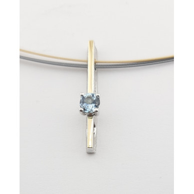Colgante de 25mm de alto por 5mm de ancho fabricado en plata de 1ª ley 925mls rodiada, oro de 18k 750mls pulido y aguamarina. Luce como nadie los diseños de Miquel Sardá
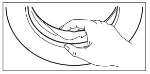 - Tøj, der har sat sig fast mellem lugetætningen og glasset, kan gøre maskinen utæt og få vandet til at løbe ned fortil og ind i bundbakken på maskinen.
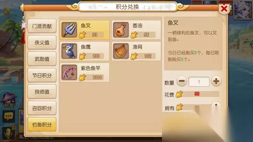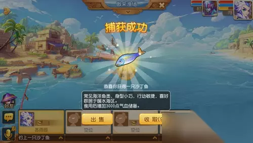 梦幻西游手游宣传图5 PS:钓鱼成功后,会出现上面的界面提示,玩家可以选择收取或者出售,不过不建议出售,价钱太低了。 【垂钓大师,论法宝的重要性】 图5钓鱼法宝 鱼叉:一柄锋利的鱼叉,可以直接插到一条随机种类的鱼。 香油:使用后会能够吸引更多的鱼,提高捕鱼效率,并且增加成功率。 鱼鹰:渔夫的好伙伴,使用后每隔一段时间鱼鹰会帮你捕捉一条鱼。 渔网:使用渔网后直接可以捕捉到若干条鱼。 紫色鱼竿:兑换条件太高,并不知晓他的属性,直接划入神器列表。 大家只要合理利用钓鱼法宝就能够得到最大的钓鱼效率。
═══
Could you give the listing again exactly, minus its pictures?

*Output below*.
Colgante de 25mm de alto por 5mm de ancho fabricado en plata de 1ª ley 925mls rodiada, oro de 18k 750mls pulido y aguamarina. Luce como nadie los diseños de Miquel Sardá
 - Tøj, der har sat sig fast mellem lugetætningen og glasset, kan gøre maskinen utæt og få vandet til at løbe ned fortil og ind i bundbakken på maskinen.
 梦幻西游手游宣传图5 PS:钓鱼成功后,会出现上面的界面提示,玩家可以选择收取或者出售,不过不建议出售,价钱太低了。 【垂钓大师,论法宝的重要性】 图5钓鱼法宝 鱼叉:一柄锋利的鱼叉,可以直接插到一条随机种类的鱼。 香油:使用后会能够吸引更多的鱼,提高捕鱼效率,并且增加成功率。 鱼鹰:渔夫的好伙伴,使用后每隔一段时间鱼鹰会帮你捕捉一条鱼。 渔网:使用渔网后直接可以捕捉到若干条鱼。 紫色鱼竿:兑换条件太高,并不知晓他的属性,直接划入神器列表。 大家只要合理利用钓鱼法宝就能够得到最大的钓鱼效率。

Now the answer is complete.